The application still has one more hurdle to jump before any work can commence, that's another full planning meeting to assess their latest travel and air-conditioning plans.
Here's the link if you want to look at them and then make any comments to the council's planning department. All comments must be submitted by the 25th of October
http://www.ukplanning.com/richmond/showCaseFile.do;jsessionid=2608D20B79F9584B0E7ACB8583543BEF.wam2?action=show&appType=planning%20folder&appNumber=05/2442/DD02
Harry Jacobs on 2006-10-10 21:54:42 +0000The astonishing thing about this hearing was that the outcome had clearly been decided before the meeting even commenced. At least that is how it seemed. 66 letters of objection were dismissed at the outset as they came from people beyond a seemingly arbirtrarily imposed 150 metre limit. No mention was made of this limit at any point in any of the litereature neighbours received about the licence process prior to the hearing. One letter of objection was dismissed because it was from someone who although resident within the 150 metre exclusion zone, happens to have been working abroad for a couple of months. The fact that he has been a resident for many years and that his family is still living and working here and that he will be back in a few weeks did not seem to matter. But in fact none of the objections raised mattered.

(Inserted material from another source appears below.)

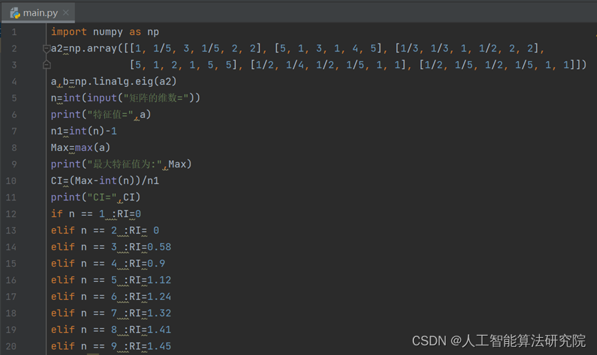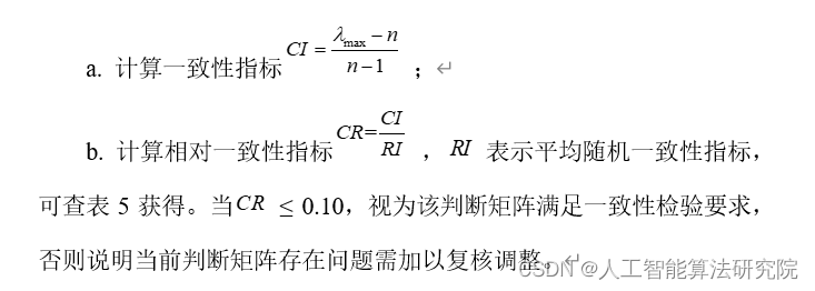 注:根据随机一致性比率C.R.的含义,当矩阵为一阶或者二阶时,C.R.一定为0,因此矩阵为一阶或者二阶时一定通过一致性检验,只需要计算出特征向量作为权重系数即可。

Objectors would have been required to prove that the bar would cause public nuisance, safety issues, danger to children or crime and disorder. But how can you prove any of these things for an establishment that does not actually exist yet?
Common sense tells us that such a bar serving 180 people a night is very likely to increase all of these things. But unless you can prove it, forget it, and how can you prove something will happen in the future? It is a totally circular argument.
As I say the case was decided before the meeting started. Nothing any objector said could have made a difference.
Our local councillors spoke against the granting of the licence, on the grounds of public nuisance. That also made absolutely no difference whatsoever.
The committee did not impose any kind of restrictions on numbers of drinkers.
The whole process seemed to me to be utterly empty and meaningless. A charade that we all went through in the name of local democracy.
Louise on 2006-10-11 13:24:43 +0000If the matter was decided before the meeting then there are grounds for challenging the decision by way of judicial review. A group of local residents affected by the decision would have locus to challenge it. An application for judicial review has to be made as soon as reasonably practicable and in any event within 3 months of the decision challenged.
Fiona Laurence on 2006-10-12 13:19:59 +0000I suspect that proving that the matter was decided before the meeting would be next-to-impossible and a judicial review would be an extremely expensive way of pursuing a fruitless course. Once the Planning Committee had granted change-of-use, the chances of the Licensing Committee refusing a licence were very small, although the (apparant - we haven't seen the minutes) lack of conditions is a concern.
We now need to focus on the realistic objective of modifying the applicants' travel plan, which currently allows for customer minibus parking until late in the Mews as their way of getting around the coach ban. This is opposable and defeatable; I have already put a submission on the Planning Site (follow the link above) which others may care to use as a pattern.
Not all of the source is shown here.